- Episode no.: Season 1 Episode 36
- Directed by: Charles Marquis Warren
- Written by: David Victor; Herbert Little Jnr;
- Based on: story by Charles Marquis Warren
- Production code: Filmmaster Productions
- Original air date: June 6, 1957

Guest appearances
- Errol Flynn; Ann Sheridan; John Ireland; Julie London;

Episode chronology
| ← Previous "Circle of the Day" | Next → "Clash by Night" |

= Without Incident =

Without Incident is a 1957 episode of Playhouse 90 starring Errol Flynn.

==Plot==
The captain of a U.S. Cavalry unit rescues two wives of slain traders who were being held hostage by hostile Native Americans but then is faced with a mutiny among his own men.

==Production==
Traditionally all shows on Playhouse 90 were made by Screen Gems and done live.

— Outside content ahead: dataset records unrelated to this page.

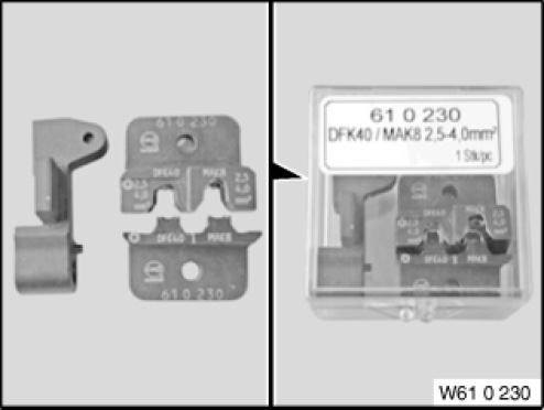 (Matrix for contacts "DFK 40" and "MAK 8") For crimping contacts when replacing interior fuse box (up to model year 09/2005) and for further applications.
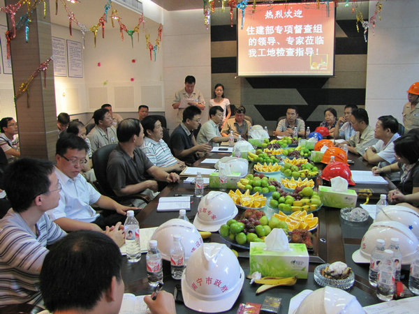 9月18日上午,國家住房城鄉(xiāng)建設(shè)部建筑施工安全專項督查組蒞臨我公司廣西麗原·天際城工地檢查指導(dǎo)工作,勘察了施工現(xiàn)場的實體安全狀況,查閱了施工質(zhì)量安全技術(shù)資料,檢查了我公司的資質(zhì)、安全許可、三類人員與特種作業(yè)人員持證的情況。項目部的安全防護(hù)與文明施工工作受到了督查組的一致好評,住建部工程質(zhì)量安全監(jiān)管司王樹平副司長在知道我們爭創(chuàng)“魯班獎”的情況后,提出了許多寶貴的意見,并預(yù)祝我們的質(zhì)量目標(biāo)得以圓滿實現(xiàn)。
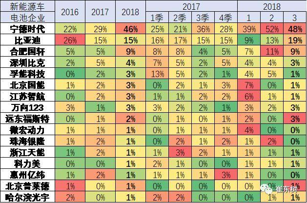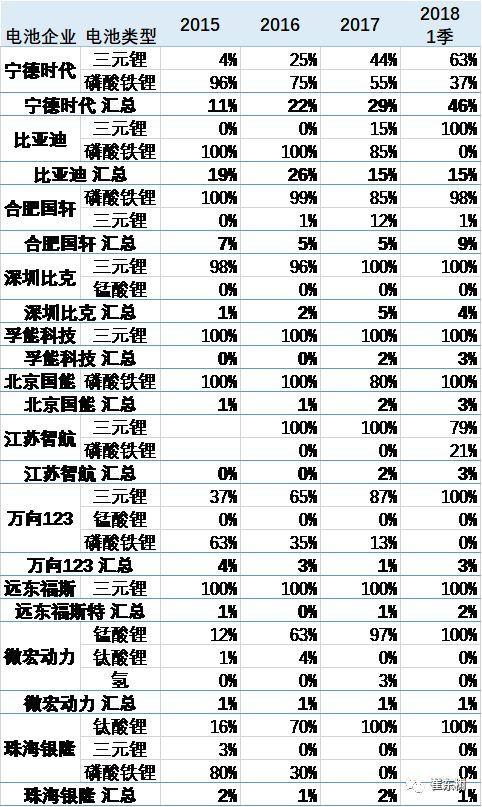 專用車的三元化趨勢(shì)很明顯。17年的三元電池的裝車量達(dá)到68%的占比,而16年的占比是37%。18年三元提升的趨勢(shì)相對(duì)是合理的狀態(tài),3月達(dá)到94%也是很好的趨勢(shì)。 5 、歷年電池企業(yè)需求特征
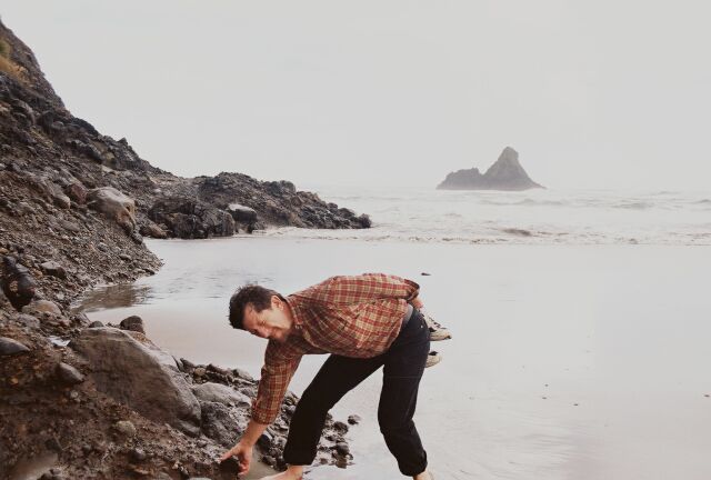 My brother, Phil, wanted me to bring him back rocks. Here I am collecting black sand in a 35 mm film can.
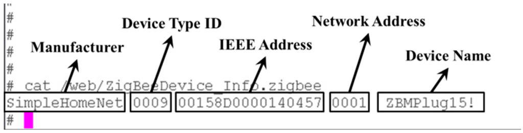 Management Information of ZigBee Device. The pink mark is the command input mark in the CLI (command line interface) mode of Linux.
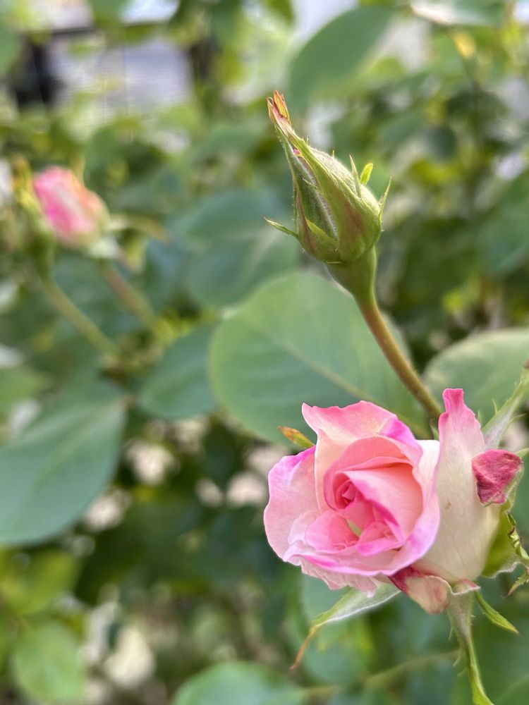シュラブ系のバラで実家のポーチ前にいます。やっとポツポツ開き始めました😊。🇫🇷生まれのバラですがマチルダは誰のことなんだろう。

However, in January 1957 CBS announced that three episodes would be made by another company, Filmaster Productions, and shot on location: "Carbine Web", "Lone Woman" and "Without Incident".

In February 1957 it was announced the episode may be spun off into a TV series starring Flynn but this did not happen.

Filming begun on location in Tucson, Arizona on March 4, with studio work in Hollywood.
 {Another account says filming started in Hollywood on 28 February and that the budget was around $150,000.) It was one of three Filmmaster productions being shot for Playhouse 90 in Arizona, the others being Lone Woman and Carbine Web. Each took around a week to film.

"I play a wonton," said Julie London.

==Reception==
Filmink magazine later wrote that this was "a different sort of character for" Flynn "a hated martinet who is willing to sacrifice the life of his men if it means keeping the Apaches at bay... it’s not one of his best performances, but the story is solid."